* [Directions]: From the line with "Lamar laud (144" to the line with "PF0160: 18 x", output every line below exactly, both ends included. Skip the pictures.

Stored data
═══

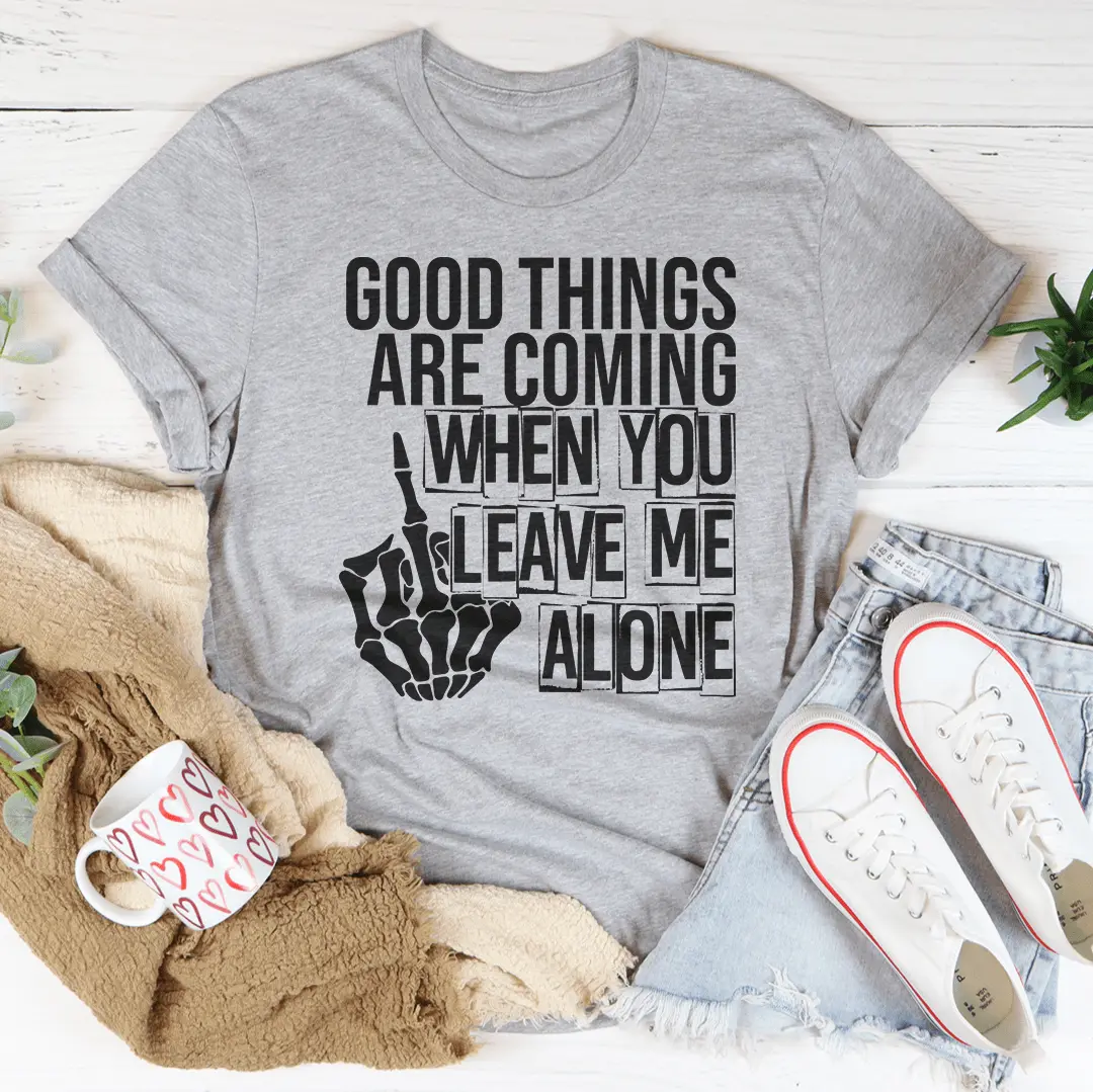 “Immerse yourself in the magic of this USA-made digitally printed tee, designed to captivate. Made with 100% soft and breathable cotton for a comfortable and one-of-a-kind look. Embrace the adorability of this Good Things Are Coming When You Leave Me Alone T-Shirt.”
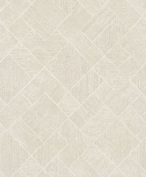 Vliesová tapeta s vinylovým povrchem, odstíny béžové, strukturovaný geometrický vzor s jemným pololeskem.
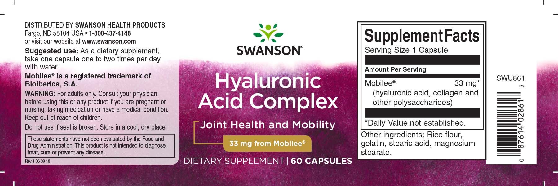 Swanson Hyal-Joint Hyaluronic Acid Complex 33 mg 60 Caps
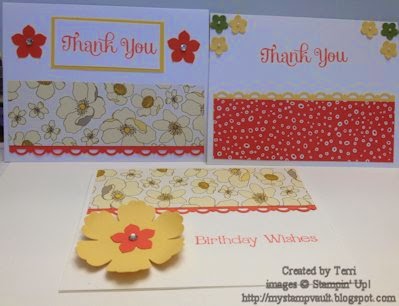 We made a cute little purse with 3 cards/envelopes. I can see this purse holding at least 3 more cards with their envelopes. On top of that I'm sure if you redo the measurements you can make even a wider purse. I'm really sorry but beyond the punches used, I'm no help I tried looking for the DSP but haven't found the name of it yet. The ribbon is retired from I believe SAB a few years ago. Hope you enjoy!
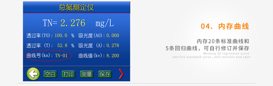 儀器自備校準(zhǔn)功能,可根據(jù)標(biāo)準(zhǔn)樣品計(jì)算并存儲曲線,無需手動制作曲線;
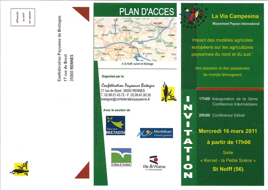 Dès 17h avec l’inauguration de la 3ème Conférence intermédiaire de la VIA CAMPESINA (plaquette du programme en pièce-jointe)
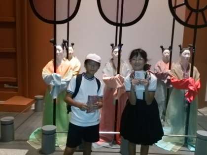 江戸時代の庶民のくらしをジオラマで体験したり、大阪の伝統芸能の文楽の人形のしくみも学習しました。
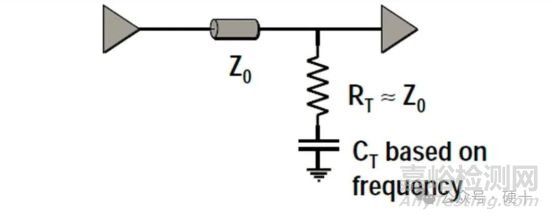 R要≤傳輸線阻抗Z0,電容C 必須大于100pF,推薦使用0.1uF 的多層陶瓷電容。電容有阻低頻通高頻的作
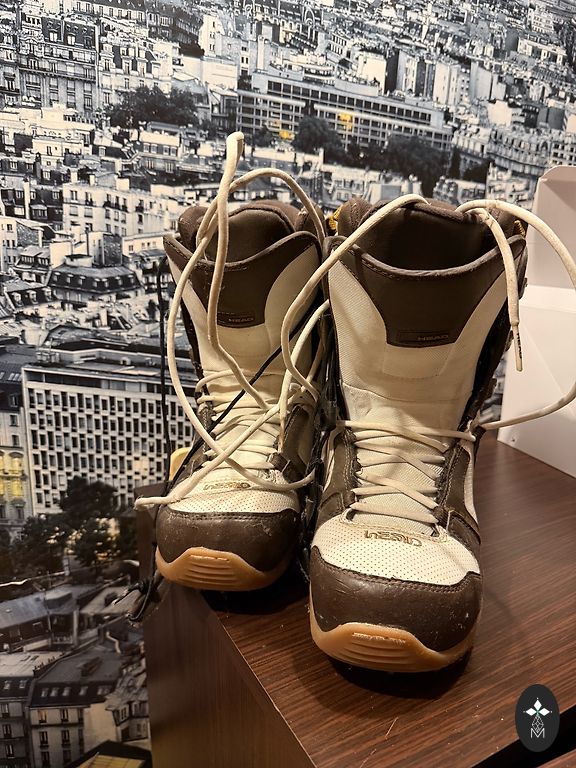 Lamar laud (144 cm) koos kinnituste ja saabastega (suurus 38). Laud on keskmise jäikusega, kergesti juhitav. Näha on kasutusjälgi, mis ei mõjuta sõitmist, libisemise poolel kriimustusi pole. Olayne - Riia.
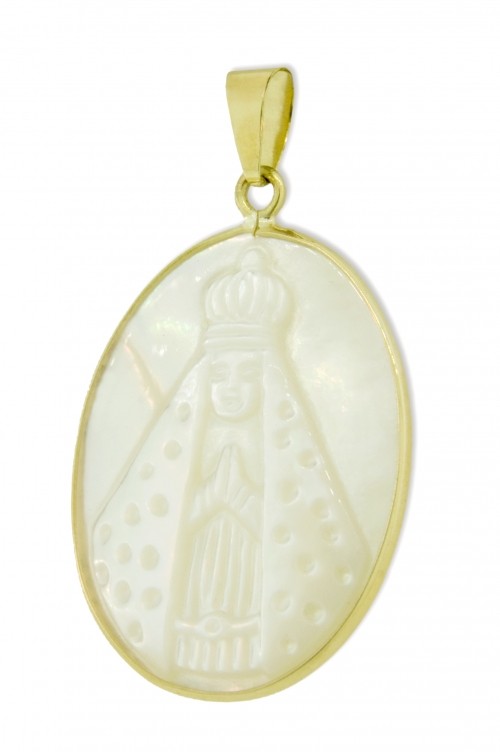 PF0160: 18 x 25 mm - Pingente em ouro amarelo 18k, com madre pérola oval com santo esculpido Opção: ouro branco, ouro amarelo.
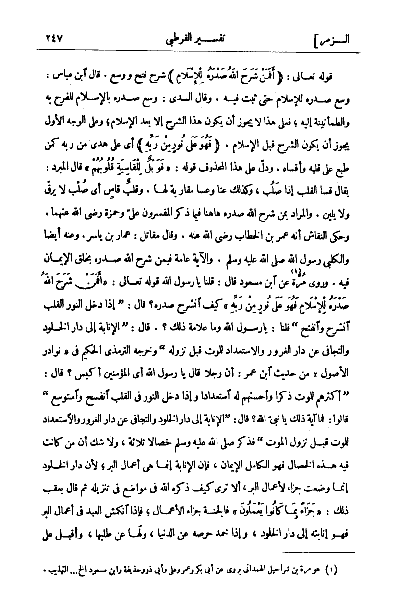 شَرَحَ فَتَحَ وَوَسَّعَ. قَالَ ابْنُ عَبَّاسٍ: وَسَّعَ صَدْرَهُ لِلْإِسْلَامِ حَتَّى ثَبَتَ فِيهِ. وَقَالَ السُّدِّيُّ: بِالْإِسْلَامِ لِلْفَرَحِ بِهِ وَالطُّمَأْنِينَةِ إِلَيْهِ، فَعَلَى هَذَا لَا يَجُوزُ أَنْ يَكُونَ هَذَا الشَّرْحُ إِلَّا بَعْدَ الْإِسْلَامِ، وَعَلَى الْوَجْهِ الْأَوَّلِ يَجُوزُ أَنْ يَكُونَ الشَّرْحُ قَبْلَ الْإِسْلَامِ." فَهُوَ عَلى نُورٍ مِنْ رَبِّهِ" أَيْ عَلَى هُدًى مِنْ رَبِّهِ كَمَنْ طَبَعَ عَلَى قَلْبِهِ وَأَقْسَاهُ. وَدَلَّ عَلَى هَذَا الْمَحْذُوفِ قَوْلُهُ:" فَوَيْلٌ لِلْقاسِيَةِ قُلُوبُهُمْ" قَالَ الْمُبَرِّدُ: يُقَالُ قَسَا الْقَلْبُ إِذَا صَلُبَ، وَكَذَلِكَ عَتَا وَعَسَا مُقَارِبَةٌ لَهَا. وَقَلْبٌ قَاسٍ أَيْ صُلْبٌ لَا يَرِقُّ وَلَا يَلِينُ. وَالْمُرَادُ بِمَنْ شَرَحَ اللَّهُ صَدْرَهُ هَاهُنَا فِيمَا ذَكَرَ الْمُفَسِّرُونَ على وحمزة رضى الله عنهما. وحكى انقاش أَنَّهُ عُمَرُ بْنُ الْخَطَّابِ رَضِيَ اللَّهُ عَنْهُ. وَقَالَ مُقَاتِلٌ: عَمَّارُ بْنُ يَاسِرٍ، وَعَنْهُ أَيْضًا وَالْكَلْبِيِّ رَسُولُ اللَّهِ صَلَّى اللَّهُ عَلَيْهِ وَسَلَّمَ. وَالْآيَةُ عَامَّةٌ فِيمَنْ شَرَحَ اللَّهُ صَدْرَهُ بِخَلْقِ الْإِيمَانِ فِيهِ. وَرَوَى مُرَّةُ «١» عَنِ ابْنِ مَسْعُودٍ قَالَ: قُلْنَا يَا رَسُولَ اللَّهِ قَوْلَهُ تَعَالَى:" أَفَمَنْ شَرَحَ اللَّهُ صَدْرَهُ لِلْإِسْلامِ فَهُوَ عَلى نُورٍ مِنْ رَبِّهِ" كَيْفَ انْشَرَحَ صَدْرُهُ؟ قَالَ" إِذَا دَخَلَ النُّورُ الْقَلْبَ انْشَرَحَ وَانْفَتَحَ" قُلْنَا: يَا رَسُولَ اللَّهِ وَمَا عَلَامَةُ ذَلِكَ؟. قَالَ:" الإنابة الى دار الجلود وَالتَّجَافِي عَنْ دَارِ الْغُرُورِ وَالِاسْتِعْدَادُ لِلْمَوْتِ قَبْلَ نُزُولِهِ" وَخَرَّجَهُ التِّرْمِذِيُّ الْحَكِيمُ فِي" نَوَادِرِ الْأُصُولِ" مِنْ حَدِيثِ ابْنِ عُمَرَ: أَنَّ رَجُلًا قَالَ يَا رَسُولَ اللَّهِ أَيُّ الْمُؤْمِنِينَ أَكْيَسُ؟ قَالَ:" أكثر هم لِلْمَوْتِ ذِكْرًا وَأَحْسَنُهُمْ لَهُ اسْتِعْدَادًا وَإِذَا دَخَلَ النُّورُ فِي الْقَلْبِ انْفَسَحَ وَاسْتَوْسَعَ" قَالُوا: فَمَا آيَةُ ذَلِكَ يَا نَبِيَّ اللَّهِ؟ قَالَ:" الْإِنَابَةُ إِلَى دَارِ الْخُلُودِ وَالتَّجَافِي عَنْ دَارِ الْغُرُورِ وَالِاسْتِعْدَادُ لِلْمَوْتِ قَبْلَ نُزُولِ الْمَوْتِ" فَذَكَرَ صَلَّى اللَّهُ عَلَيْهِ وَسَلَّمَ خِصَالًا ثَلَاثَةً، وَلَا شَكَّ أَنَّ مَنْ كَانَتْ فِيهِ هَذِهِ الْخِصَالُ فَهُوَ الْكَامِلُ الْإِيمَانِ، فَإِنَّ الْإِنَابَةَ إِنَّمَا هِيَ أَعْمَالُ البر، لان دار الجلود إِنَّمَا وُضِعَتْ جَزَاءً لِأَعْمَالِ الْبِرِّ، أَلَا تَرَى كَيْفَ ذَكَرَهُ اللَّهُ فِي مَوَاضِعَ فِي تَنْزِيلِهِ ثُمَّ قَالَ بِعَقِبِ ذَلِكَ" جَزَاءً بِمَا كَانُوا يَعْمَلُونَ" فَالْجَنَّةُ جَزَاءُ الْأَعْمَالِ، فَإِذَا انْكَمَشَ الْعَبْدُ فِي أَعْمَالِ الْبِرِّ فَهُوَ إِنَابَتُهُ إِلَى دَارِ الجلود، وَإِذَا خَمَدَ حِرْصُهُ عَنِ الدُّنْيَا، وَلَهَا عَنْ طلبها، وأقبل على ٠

═══

* [Final answer]:
 Lamar laud (144 cm) koos kinnituste ja saabastega (suurus 38). Laud on keskmise jäikusega, kergesti juhitav. Näha on kasutusjälgi, mis ei mõjuta sõitmist, libisemise poolel kriimustusi pole. Olayne - Riia.
 PF0160: 18 x 25 mm - Pingente em ouro amarelo 18k, com madre pérola oval com santo esculpido Opção: ouro branco, ouro amarelo.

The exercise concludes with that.